● **YOUR GOAL**
Beginning with the line that contains "PANORAMIC LAKEFRONT ESTATE" and ending with the line that contains "철거를 먼저 진행하고", reproduce the lines of the entries below exactly, omitting pictures.

● **RECORDS FOR THE TASK**
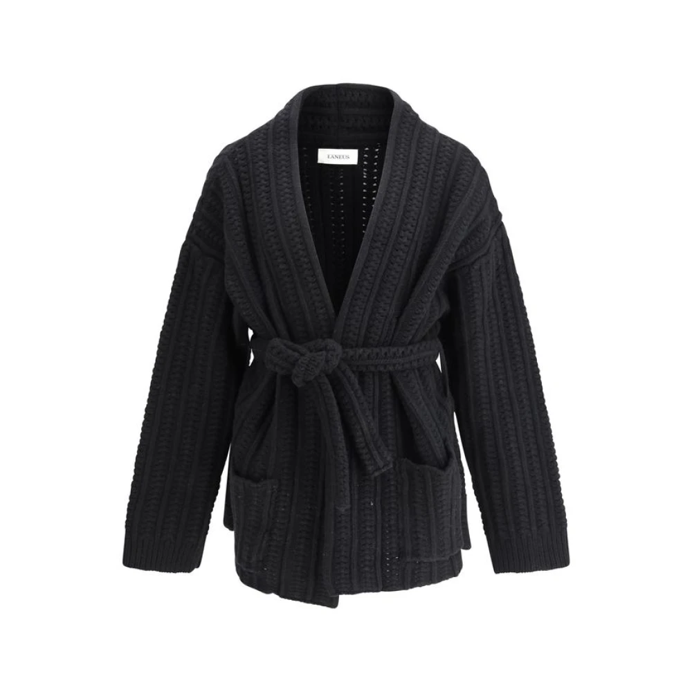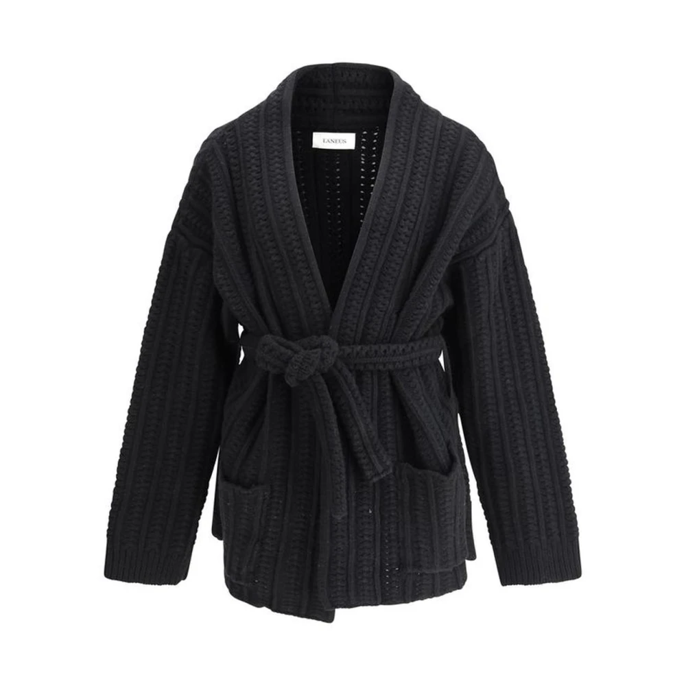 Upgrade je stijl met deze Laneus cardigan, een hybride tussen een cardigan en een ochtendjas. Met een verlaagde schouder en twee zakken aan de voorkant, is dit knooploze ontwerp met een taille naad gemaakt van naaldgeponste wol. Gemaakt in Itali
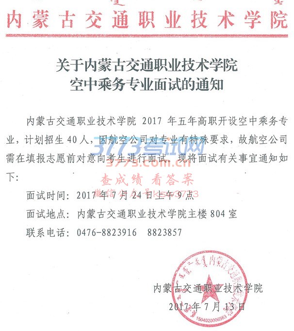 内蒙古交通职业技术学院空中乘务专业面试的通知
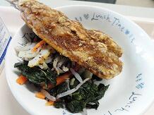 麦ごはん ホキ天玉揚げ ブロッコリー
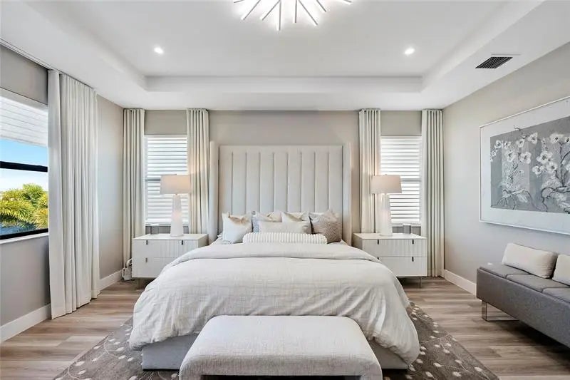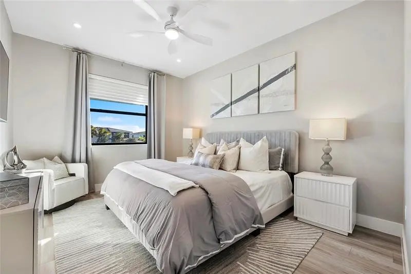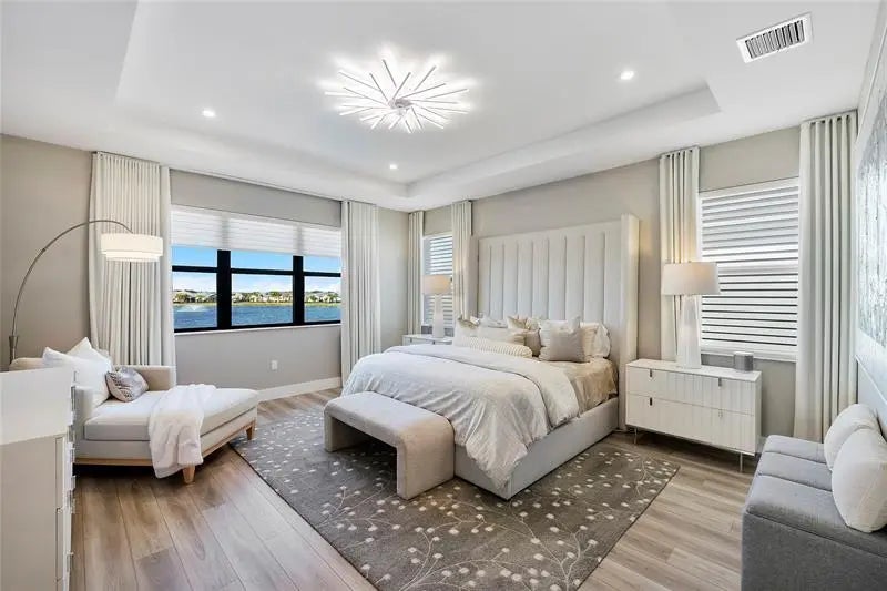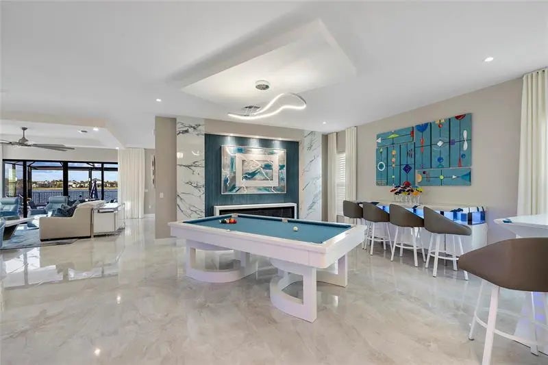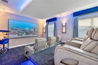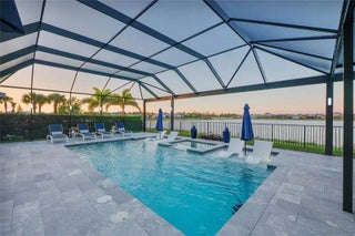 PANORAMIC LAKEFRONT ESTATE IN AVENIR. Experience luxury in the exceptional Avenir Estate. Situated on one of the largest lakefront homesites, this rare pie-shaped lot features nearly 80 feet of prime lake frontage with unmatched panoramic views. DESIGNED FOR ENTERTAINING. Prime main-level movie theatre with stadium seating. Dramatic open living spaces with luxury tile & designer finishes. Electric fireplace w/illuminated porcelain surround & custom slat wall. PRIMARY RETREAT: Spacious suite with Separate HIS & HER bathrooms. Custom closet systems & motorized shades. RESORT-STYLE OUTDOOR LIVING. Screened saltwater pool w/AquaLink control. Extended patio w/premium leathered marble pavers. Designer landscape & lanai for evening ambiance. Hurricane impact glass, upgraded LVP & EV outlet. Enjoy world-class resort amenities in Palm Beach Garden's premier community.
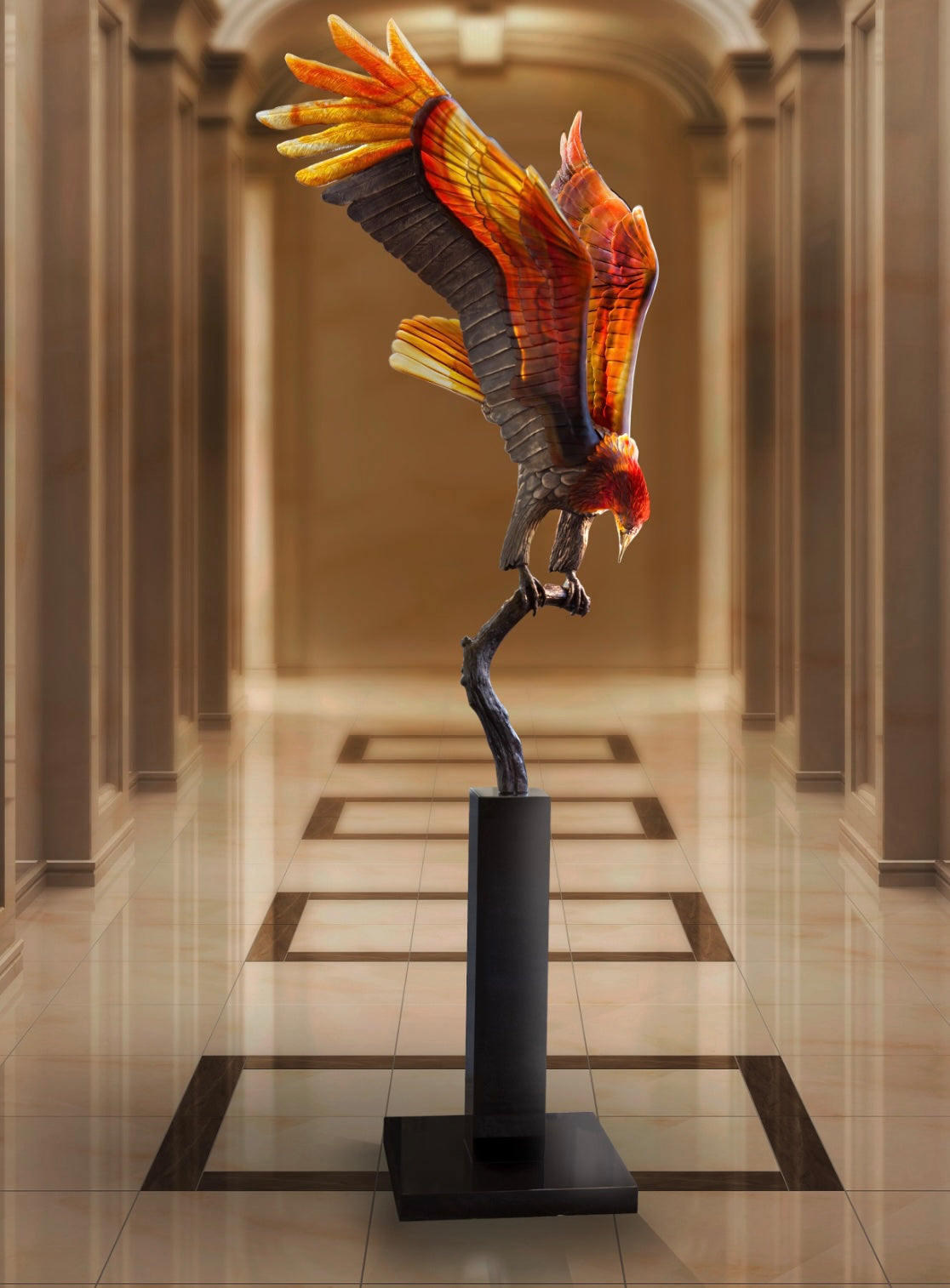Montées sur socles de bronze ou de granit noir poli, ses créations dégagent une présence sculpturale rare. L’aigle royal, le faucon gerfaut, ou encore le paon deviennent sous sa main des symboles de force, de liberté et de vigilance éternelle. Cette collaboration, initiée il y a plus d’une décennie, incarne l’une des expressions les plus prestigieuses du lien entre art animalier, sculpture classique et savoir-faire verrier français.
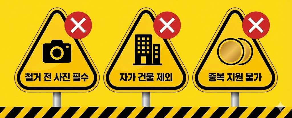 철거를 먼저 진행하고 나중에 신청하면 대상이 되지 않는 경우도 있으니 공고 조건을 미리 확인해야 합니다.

* * *

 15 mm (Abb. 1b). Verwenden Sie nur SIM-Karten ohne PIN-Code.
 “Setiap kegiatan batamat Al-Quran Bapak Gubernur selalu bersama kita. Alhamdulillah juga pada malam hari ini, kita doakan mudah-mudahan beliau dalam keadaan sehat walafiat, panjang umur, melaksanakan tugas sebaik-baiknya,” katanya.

● **RESULT**
 PANORAMIC LAKEFRONT ESTATE IN AVENIR. Experience luxury in the exceptional Avenir Estate. Situated on one of the largest lakefront homesites, this rare pie-shaped lot features nearly 80 feet of prime lake frontage with unmatched panoramic views. DESIGNED FOR ENTERTAINING. Prime main-level movie theatre with stadium seating. Dramatic open living spaces with luxury tile & designer finishes. Electric fireplace w/illuminated porcelain surround & custom slat wall. PRIMARY RETREAT: Spacious suite with Separate HIS & HER bathrooms. Custom closet systems & motorized shades. RESORT-STYLE OUTDOOR LIVING. Screened saltwater pool w/AquaLink control. Extended patio w/premium leathered marble pavers. Designer landscape & lanai for evening ambiance. Hurricane impact glass, upgraded LVP & EV outlet. Enjoy world-class resort amenities in Palm Beach Garden's premier community.
Montées sur socles de bronze ou de granit noir poli, ses créations dégagent une présence sculpturale rare. L’aigle royal, le faucon gerfaut, ou encore le paon deviennent sous sa main des symboles de force, de liberté et de vigilance éternelle. Cette collaboration, initiée il y a plus d’une décennie, incarne l’une des expressions les plus prestigieuses du lien entre art animalier, sculpture classique et savoir-faire verrier français.
 철거를 먼저 진행하고 나중에 신청하면 대상이 되지 않는 경우도 있으니 공고 조건을 미리 확인해야 합니다.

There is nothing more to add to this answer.